◆ Work task: Using the records that follow, reproduce exactly the lines starting at the line containing "在opencv中,我们要找到" and ending at the line containing "4月23日(周五)上午10:00,PA视". Include both end lines and no pictures.

[Input records — start]

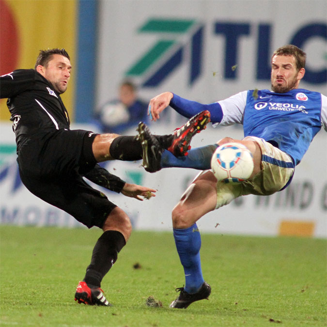 Flutlicht, Freitagabend, Duell zweier Traditionsmannschaften: Das Rostocker Ostseestadion beherbergte zum Auftakt des 16. Spieltages 14.000 Zuschauer, die sich über 90 Minuten einen stimmungsvollen Schlagabtausch lieferten. Unter ihnen sahen etwa 2.200 eiserne Schlachtenbummler eine sich umgehend auf Betriebstemperatur befindliche Gastmannschaft. Vielleicht war es ein gutes Omen, dass wie schon in Braunschweig beim ersten Auswärtssieg der Saison, auch die Partie an der Küste mit Verspätung angepfiffen wurde. Nach der fünfzehnminütigen Verzögerung betrat die Union-Elf energisch den Rasen. Die Gäste aus Berlin-Köpenick hatten eindeutig mehr Ruhe in den Aktionen und hätten spätestens nach sechs Minuten in Front liegen müssen. Allein vor Hansas Keeper Kevin Müller verpasste Silvio die Chance zum 1:0. Bei den Hausherren kam nach dieser turbulenten Anfangsphase erste Ungeduld auf und Union verzeichnete beste Gelegenheiten im Minutentakt. Erst vergab John Jairo Mosquera nach feiner Kombination über Torsten Mattuschka und bei dem Linksschuss von Marc Pfertzel aus etwa 18 Metern fehlten dann nur Zentimeter (13./14.). Hansa plagte merklich die Angst vor der eigenen Courage. Den Vorwärtsgang hatte man der Hansa-Kogge offenbar ausgebaut. Union hatte Spiel und Gegner im Griff, was fehlte, waren die fälligen Treffer. Die nächste Chance datiert aus der 28. Spielminute, als Christopher Quiring auf und davon war und nur die Grätsche von Pavel Kostal zwischen den Youngster und seinen Torerfolg platzte. Die Mannschaft von Uwe Neuhaus schien sich ihrer Sache etwas zu sicher, weshalb Rostock zehn Minuten vor dem Halbzeitpfiff besser in die Begegnung und auch zur ersten Torchance kam. Doch Timo Perthel flatterten offensichtlich die Nerven beim Anblick von Jan Glinker, der lange stehen blieb und die Situation bereinigte. Mit einer gefühlten 2:0-Führung ging es für Union in die Pause.
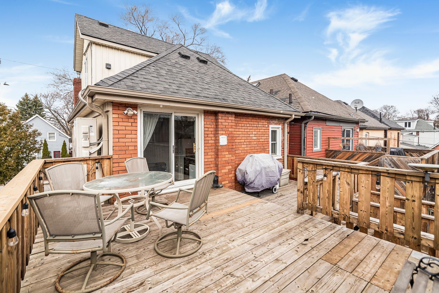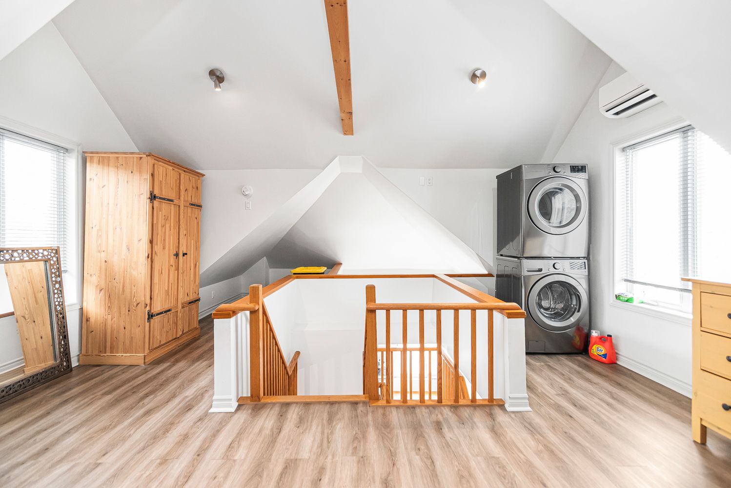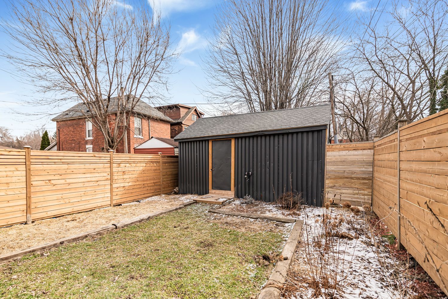 Two family home set up with separate entrances and separate hydro, offering flexibility for investors or buyers looking to live in one unit and use the other for extended family or income potential. Main floor unit is currently rented and features 2 bedrooms, open-concept kitchen with eating area and living room, 3-piece bathroom, and in-unit laundry. 9. 5 ft ceilings and tall windows add to the sense of space, and the kitchen offers a walk out to the backyard deck. Upper unit spans the second and third floors with open-concept kitchen, dining, and living area. The 2nd floor kitchen features exposed wood beams and walks out to a generous deck with fire escape. Third-floor loft features a spacious primary bedroom with vaulted ceiling, exposed beams, heat pump for heating and cooling, and laundry. Updated flooring, freshly painted, and tasteful lighting fixtures throughout. Furnace and water heater approximately 4 years old. Unfinished basement. Double detached garage off alley plus 2-car interlocking driveway at the front. Ample green space in fully fenced backyard. Located in west hamilton on a family-friendly street, just minutes to locke street shops, restaurants, and cafés, dundurn castle, the waterfront, and mcmaster university, with convenient access to transit and major routes.
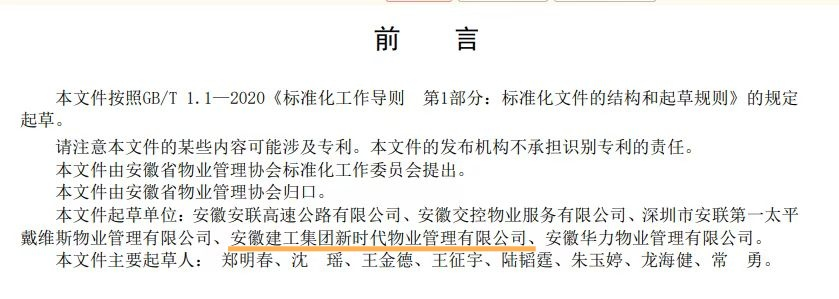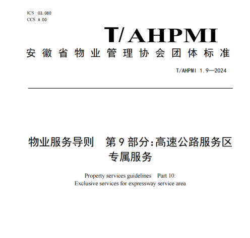 10月28日,由安徽建工集團新時(shí)代物業(yè)管理有限公司參編的《安徽省物業(yè)管理協(xié)會(huì )團體標準》中《物業(yè)服務(wù)導則 第9部分:高速公路服務(wù)區專(zhuān)屬服務(wù)》正式發(fā)布。
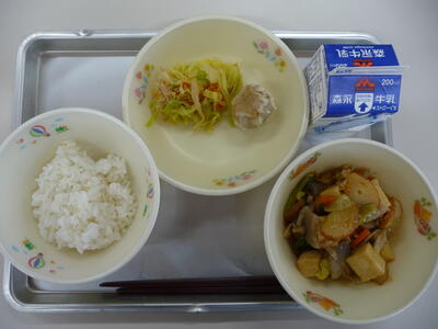 ※今日の給食メニュー・・・麦ごはん、ぐる煮、鶏の香り焼き、ゆずかつおあえ、牛乳
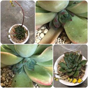 2020年 4月29日 本日2投目です❣️ 前々から気になってた暴れ白牡丹。 花芽が4つ。 子株が2つ。 多肉植物超初心者なので花🌼が見たかったので自然のままおいてたんだけど、もういいかな〜😊と思って仕立て直ししました❣️ 右側2つは根がないので心配だけど😅 どちらも元気に育ってね👍
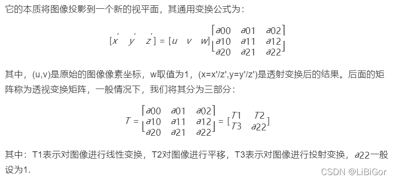 在opencv中,我们要找到四个点,其中任意三个不共线,然后获取变换矩阵T,再进行透射变换。通过函数cv.getPerspectiveTransform找到变换矩阵,将cv.warpPerspective应用于此3x3变换矩阵。
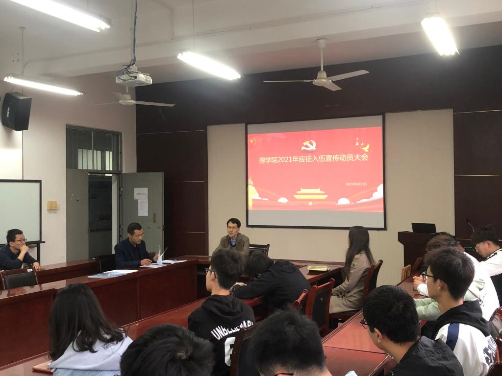 4月23日(周五)上午10:00,PA视讯在临潼校区实验楼220会议室举行2021年应征入伍宣传动员大会。国防教育科科长杨建涛老师、公司党委副书记高欣老师、2017级辅导员侯斌刚老师以及公司2017级全体员工参加了会议。
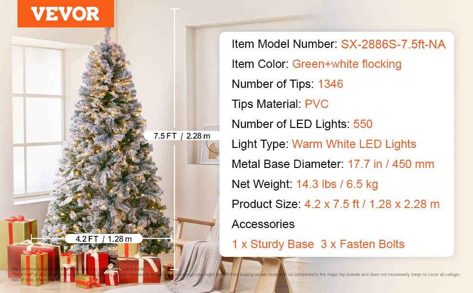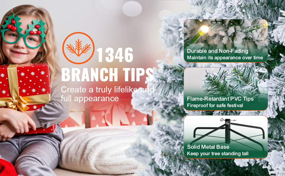 Let VEVOR Prelit Flocked Christmas Tree be the centerpiece of your holiday celebrations, filling your home with warmth and joy. 1346 branch tips make for lush and lifelike appearance, and 550 warm white LED lights creates an enchanting atmosphere for you and your loved ones to cherish.
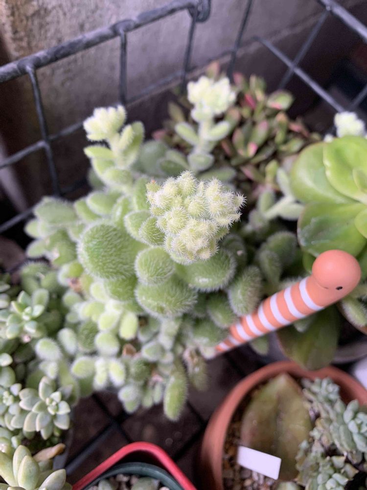 5️⃣初めてお花が咲きそうなモケモケの多肉さん💚白いお花かな??
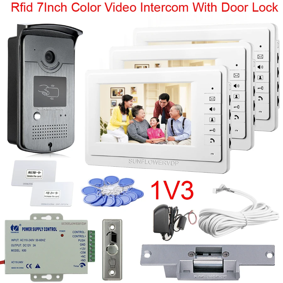 Beste prijs - 1V3 Rfid Cards Camera Intercoms For A Private House 7Inches Color Monitor Video Call With Electric Strike Door Lock Full Kit
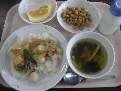 今日は中華丼でした。豚肉やうずら卵、いかやエビ、
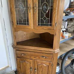 Oak Corner Curio Display Cabinet With built In Light Fixture.$125Fresno, CA
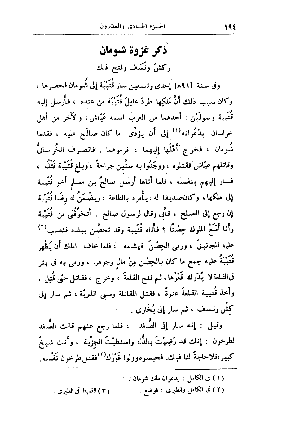 وفى سنة [91 هـ] إحدى وتسعين سار قتيبة إلى شومان فحصرها، وكان سبب ذلك أنّ ملكها طرد عامل قتيبة من عنده، فأرسل إليه قتيبة رسولين: أحدهما من العرب اسمه عيّاش، والآخر من أهل خراسان يدعوانه «1» إلى أن يؤدّى ما كان صالح عليه، فقدما شومان، فخرج أهلها إليهما، فرموهما. فانصرف الخراسانىّ وقاتلهم عيّاش فقتلوه، ووجدوا به ستّين جراحة، وبلغ قتيبة قتله، فسار إليهم بنفسه، فلما أتاها أرسل صالح بن مسلم أخو قتيبة إلى ملكها، وكان صديقا له، يأمره بالطاعة، ويضمن له رضا قتيبة إن رجع إلى الصلح، فأبى وقال لرسول صالح: أتخوّفنى من قتيبة وأنا أمنع الملوك حصنا؟ فأتاه قتيبة وقد تحصّن ببلده فنصب «2» عليه المجانيق، ورمى الحصن فهشمه، فلما خاف الملك أن يظهر قتيبة عليه جمع ما كان بالحصن من مال وجوهر، ورمى به فى بئر فى القلعة لا يدرك قعرها، ثم فتح القلعة، وخرج، فقاتل حتى قتل، وأخذ قتيبة القلعة عنوة، فقتل المقاتلة وسبى الذريّة، ثم سار إلى كشّ ونسف، ثم سار إلى بخارى.
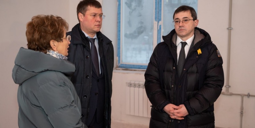 Глава города Мурманска Игорь Морарь вместе с главой администрации Юрием Сердечкиным проверили ход ремонтных работ в школе №1 на улице Буркова.
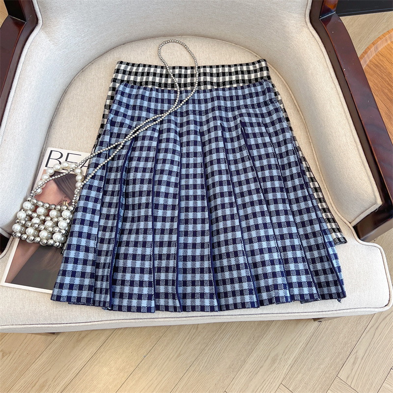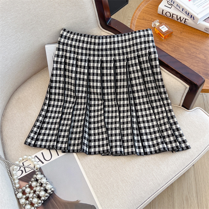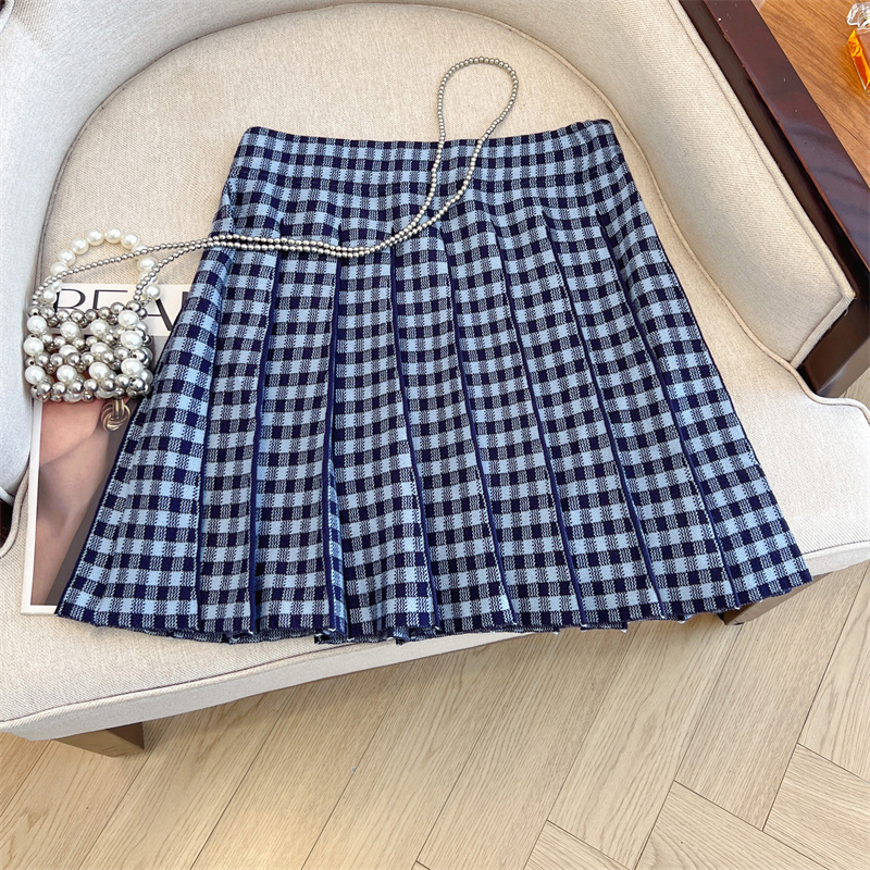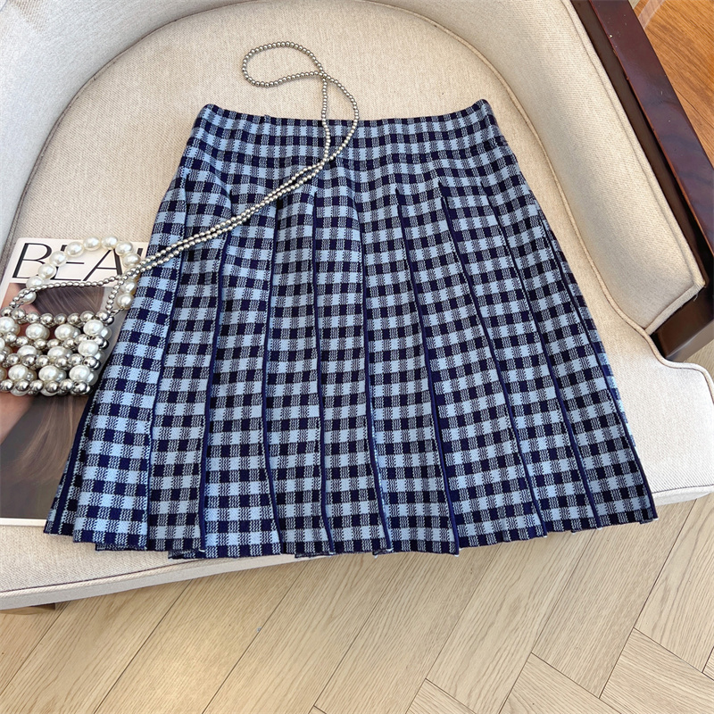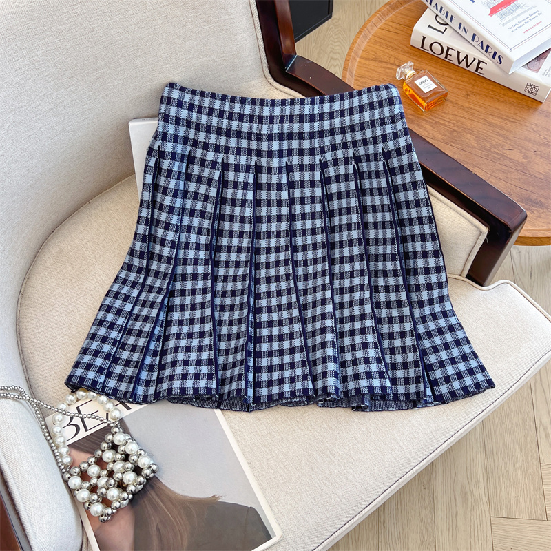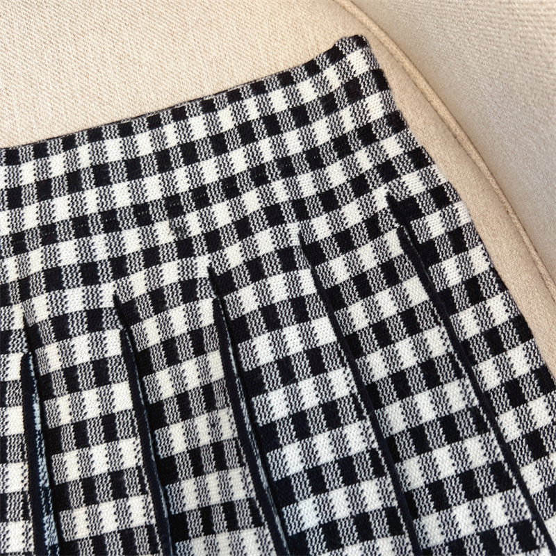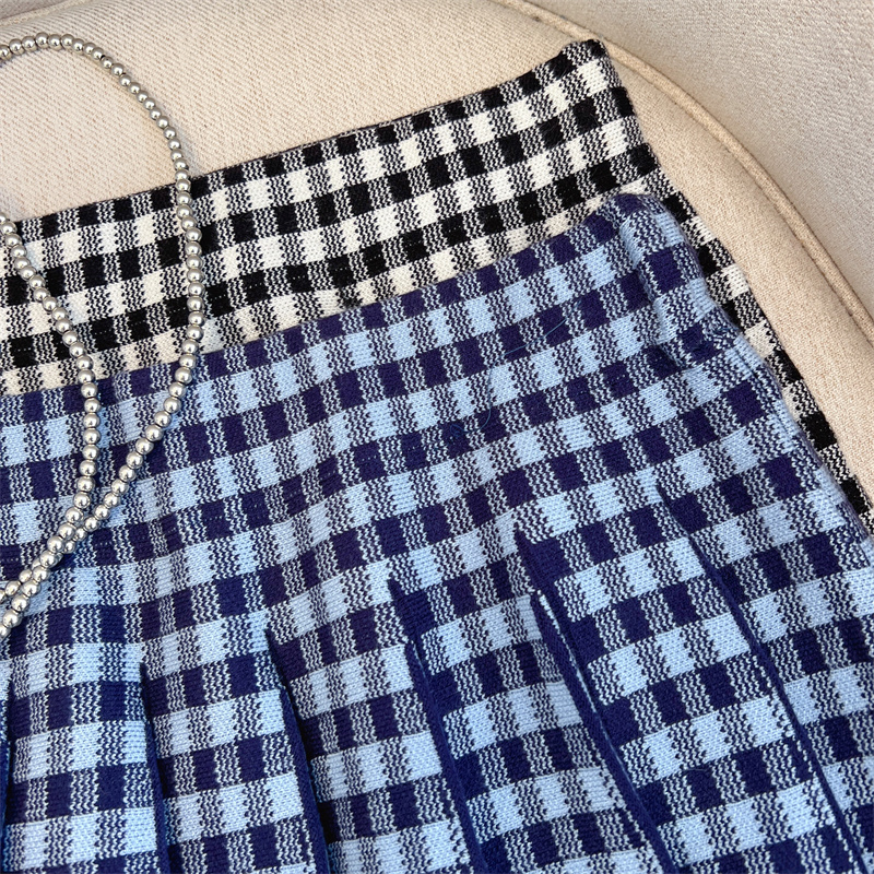 Plus Size Women High Waist Half-length Skirt Knit Slimming Short Skirt Plaid Pleated Skirt

[Input records — finish]

◆ Response below:
 在opencv中,我们要找到四个点,其中任意三个不共线,然后获取变换矩阵T,再进行透射变换。通过函数cv.getPerspectiveTransform找到变换矩阵,将cv.warpPerspective应用于此3x3变换矩阵。
 4月23日(周五)上午10:00,PA视讯在临潼校区实验楼220会议室举行2021年应征入伍宣传动员大会。国防教育科科长杨建涛老师、公司党委副书记高欣老师、2017级辅导员侯斌刚老师以及公司2017级全体员工参加了会议。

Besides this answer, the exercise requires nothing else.